Amy: “Dad. Where’s this thing that belongs in here?”
Dad: “I cleaned. It’s gone.”
Amy: “But I don’t want it gone.”
Dad: “Doesn’t it look better?”
She then goes and sits on the stairs. Sings:
“And you don’t know what to do with dinner”
“I don’t know what to do so I’m just sitting singing”
“You do know what to do with cat poo” (maybe that was food)
“You don’t know what to do”
oops. Dad interupted. “I’m singing. Don’t talk to me while I’m singing.”
“You don’t know what to do with steps.”
“You do know what to do with cat food.”
Biting News
I neglected to report big news in the house. Evan’s two lower front teeth have made their appearance! So added to the bangs, crashes, cries, Wiggles, and other assorted morning noises we add, “slurp slurp OW!” and sometimes some less than muffled cursing that when the kids repeat at church or pre-school I’ll be blamed.
From the mouths of babes
Evan, 7.5 months, while shaking head: “No”
From the mouths of babes
Yesterday I was in the middle of trying to rush out of the house and had this amusing conversation with the nine year old.
Noah: “Dad, do you have some string or rope with a hole in it?”
Dad, trying to picture putting a hole through a rope or string and not weakening it: “No, why would you do that?”
Noah: “I want to make one of those walkie talkie things with the two cups.”
Dad: “Oh, you mean a telephone.

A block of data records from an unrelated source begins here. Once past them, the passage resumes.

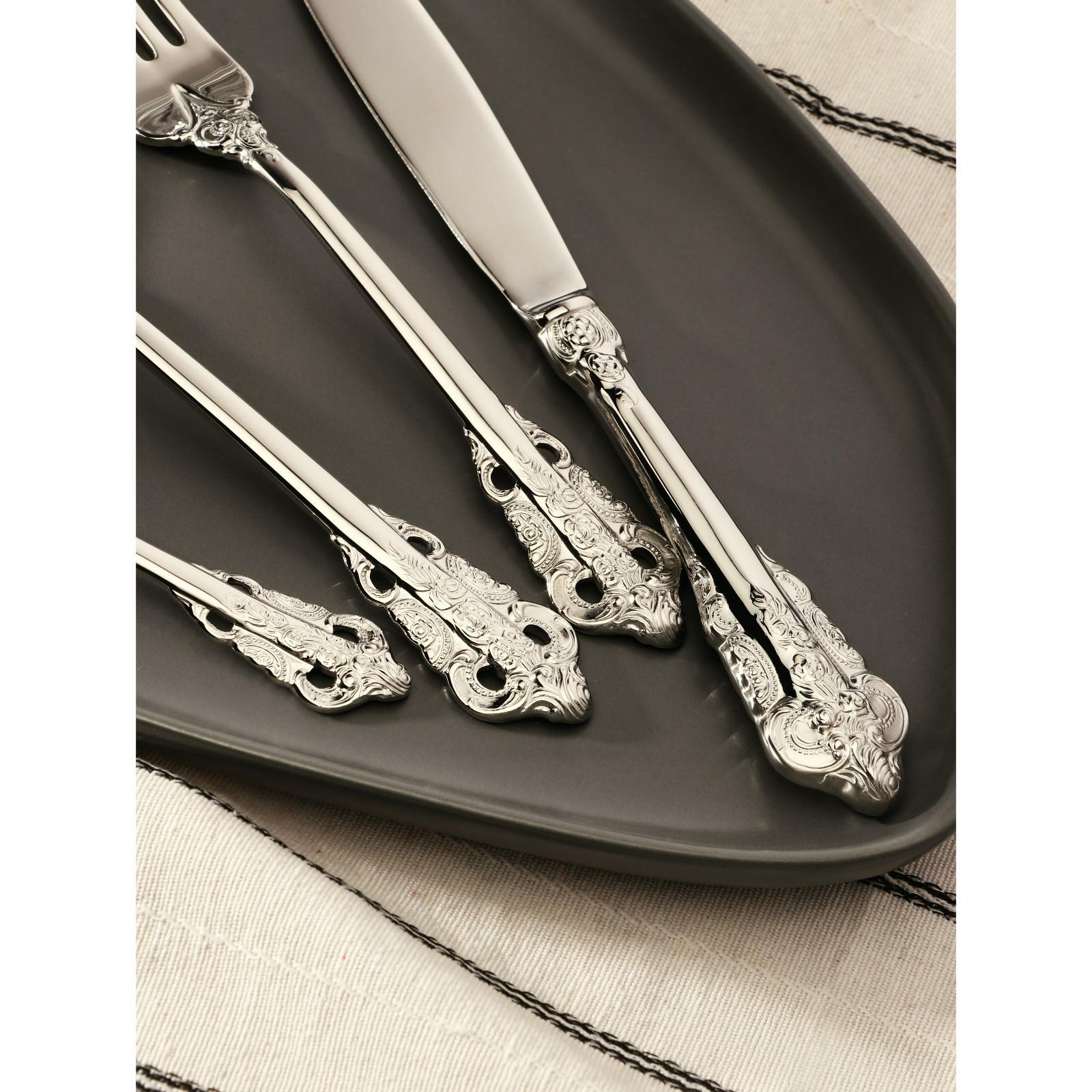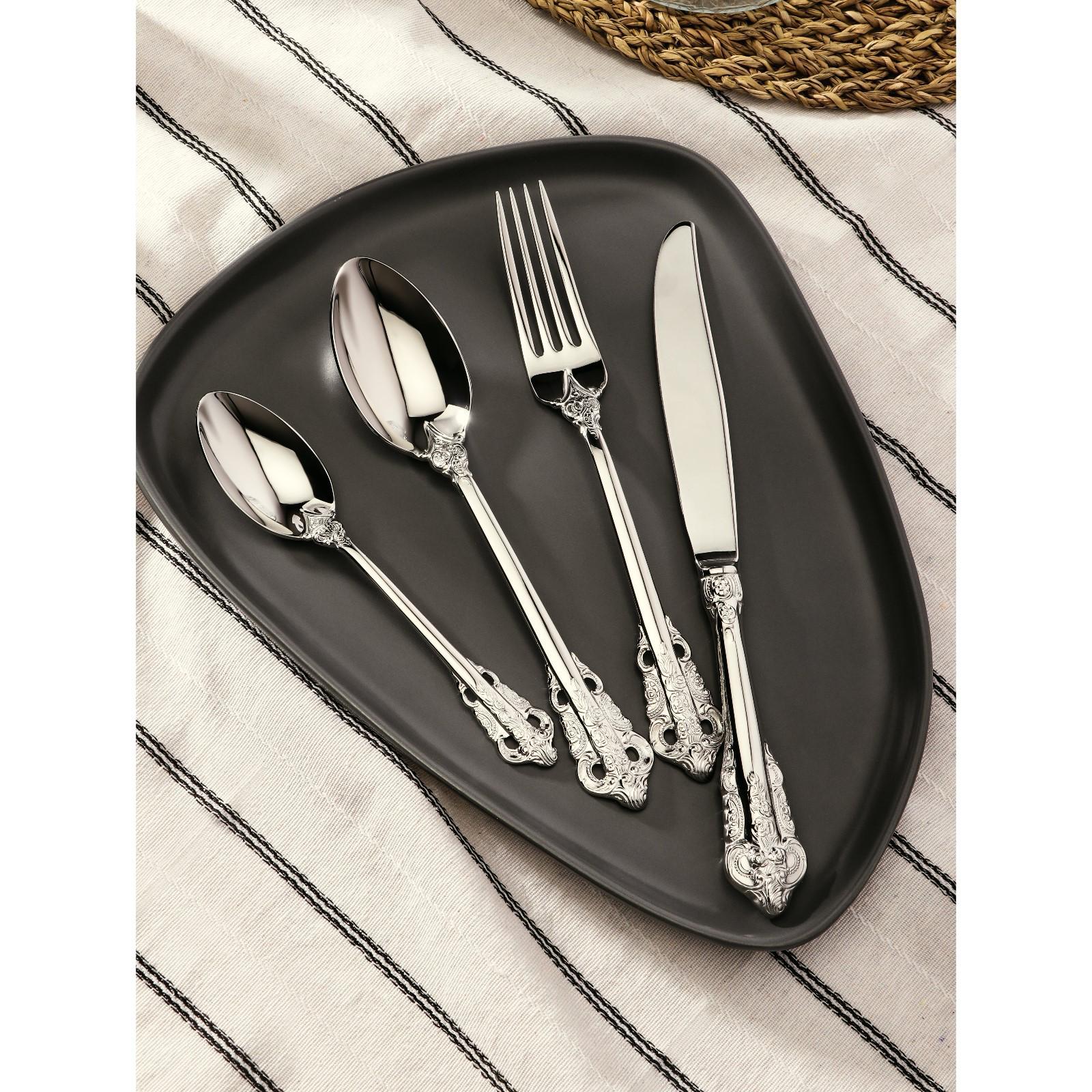 Этот набор столовых приборов добавит нотку изящества как повседневному, так и праздничному столу, так как имеют необычный дизайн. Каждый предмет гладко отполирован, а зеркальный блеск гармонично дополняет предмет. Отлично сбалансированы, удобно лежат в руке и приятны на ощупь.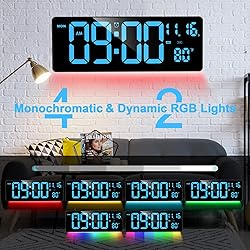 - REXS 16.5" Digital Clock Large Display with Remote Control 7 Color Changes Night Lights LED Wall Clock, Adjustable Dimmer, Temperature Clock for Bedroom, Desk Alarm Clock for Teens Elderly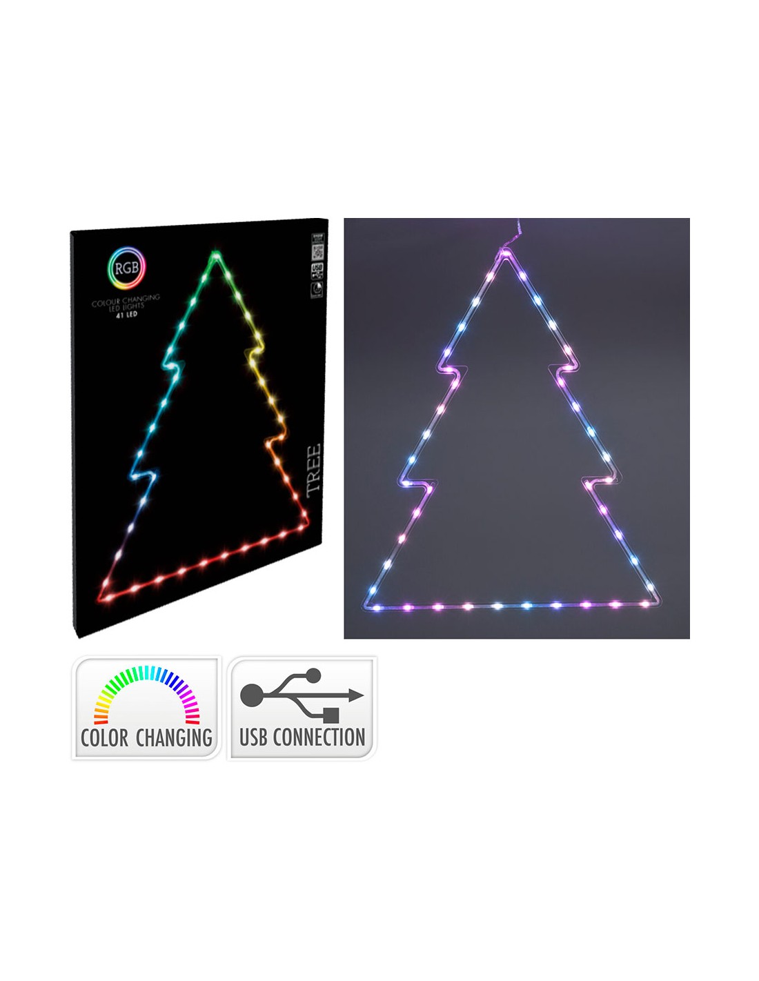 Árbol de navidad led con estructura de color transparente, 41 leds rgb digitales, conector usb de 10 m con controlador, multifunción, material polipropileno 220 - 240 v ~50/60 hz, para interior ip20, dimensiones: 48 x 60 cm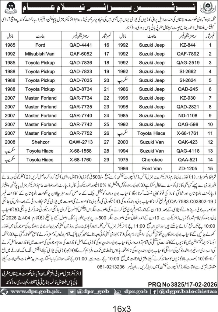 The auction includes a variety of vehicles from different years, such as Suzuki Jeeps from 1985 to 1998, Toyota pickups from the late 1980s, and Master Forland trucks from 2007. Bidders should note the condition and registration details of each vehicle as listed. The vehicles are available for inspection at the department's office in Quetta, allowing bidders to assess their condition before submitting bids.

Why does the string need a hole through it?”
Noah: “How else is the sound going to get through?”
I dropped everything and rapidly found some string and two plastic cups. With time running out, Noah and I made our telephones, then over our first call, we discussed the science and why the strings don’t need holes. Now that was fun!
From the mouths of babes
I hear the rattling of the gate at the top of the stairs which Amy has just traversed. Then I hear Amy walking around upstairs. Now, we keep the gate closed at all times since Lucy is so old and doesn’t need to be coming downstairs and Evan is so fast that at the blink of an eye he could be tumbling down the stairs. Perhaps I didn’t latch the gate completely.
Dad: “Amy, did you open the gate?”
Amy, coyly: “Yes”
Dad: “Show me.”
Amy, opens the gate: “I’m strong now!”
As one child learns mobility, the other learns to open doors. Scary!